LAW of attraction merupakan suatu konsep yang tentunya tidak asing lagi di telinga kita, terlebih di kalangan Gen Z yang lekat dengan ruang digital. Pasalnya, law of attraction ini kerap dijadikan sebagai jargon para motivator maupun artis. Katakanlah, Steve Harvey, pembawa acara asal Amerika ‘Family Feud’, dengan kata “Like attracts like.” selain itu juga pendiri The Walt Disney Company, Walt Disney, “If you can dream it, you can do it.”
Jika kita terjemahkan ke dalam bahasa Indonesia, kutipan kedua orang di atas tersebut memiliki makna yang sama. Yakni pikiran positif seseorang yang dapat memengaruhi kesuksesannya.
Law of attraction ini tak hanya populer di kalangan para pembaca buku, terutama bagi mereka yang menyukai buku-buku bertema self-development, prinsip tersebut juga seringkali muncul di sosial media seperti TikTok maupun Instagram. Video-video pendek khas reels menunjukkan ‘motivasi’ untuk mulai menerapkan law of attraction di kehidupan sehari-hari.

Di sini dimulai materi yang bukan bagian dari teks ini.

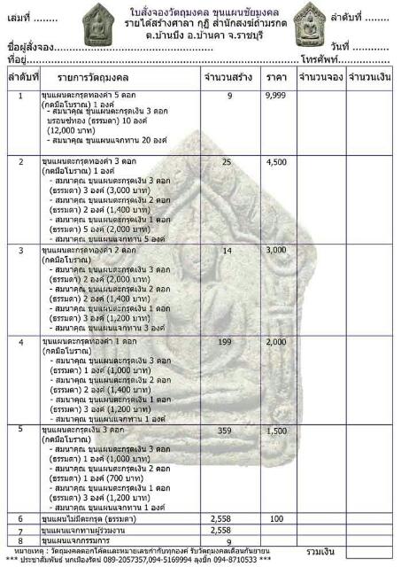 เปิดจอง ขุนแผนชัยมงคล สร้างศาลา กุฏิสงฆ์ สำนักสงฆ์ถ้ำมรกต ราคาจอง ตามรายการ ดังนี้

Prinsip law of attraction ini mirip-mirip seperti ajaran Buddha, yang menyebut, “Pikiran adalah segalanya. Apa yang kamu pikirkan, akan menjadi dirimu.” Konsep ini populer disebut sebagai hukum tarik-menarik. Yang mana, dianjurkan untuk memanifestasikan perkataan yang baik supaya menarik hal yang positif dalam kehidupan kita.
BACA JUGA: Gabung Komunitas dan Ikutan FOMO, Cara Jitu Gen Z Tumbuhkan Minat Literasi Baca Buku
Salah satu penerapannya adalah dengan mengatakan hal positif untuk menciptakan realitas yang kita inginkan, ini menurut Christy Whitman, seorang penulis buku asal Amerika. Sebagai contoh, mengubah kalimat “Saya khawatir yang saya lakukan tidak berhasil,” menjadi “Setiap tindakan yang saya lakukan membawa saya semakin dekat ke tujuan saya.”
Christy, bahkan mengklaim teori persamaan Albert Einstein, yakni E = mc2 ini membuktikan adanya teori tarik-menarik alias law of attraction.
Memang, memiliki pemikiran positif untuk menjalani hari-hari adalah hal yang bagus untuk penyemangat seorang individu tanpa perlu affirmasi dari orang lain. Namun, apakah hal tersebut nyata dan bisa diukur dengan nalar?
Logika mistika di kalangan Gen Z
Hal ini mengingatkan saya pada logika mistika yang dicetuskan oleh tokoh revolusioner RI, Tan Malaka yang sudah menyuarakan hal tersebut sejak tahun 1942. Logika mistika merupakan metode berpikir yang berlandaskan hal-hal berbau mistis dan segala sesuatu yang datangnya berasal dari hal-hal ghaib maupun roh nenek moyang. Dalam hal ini, dapat tersimpulkan bahwa konsep ini tidak memiliki dasar yang konkret dan argumennya tidak bisa kita ukur dengan data.
Tan Malaka menyebut logika mistika sebagai tradisi berpikir feodal karena ini adalah warisan dari sistem feodal yang tidak mendorong masyarakat untuk berpikir kritis. Di masa feodal, kekuasaan dan pengetahuan di kuasai oleh segelintir orang, sementara rakyat kebanyakan hanya bisa menerima tanpa banyak bertanya. Ini membuat masyarakat menjadi pasif dan mudah di kendalikan.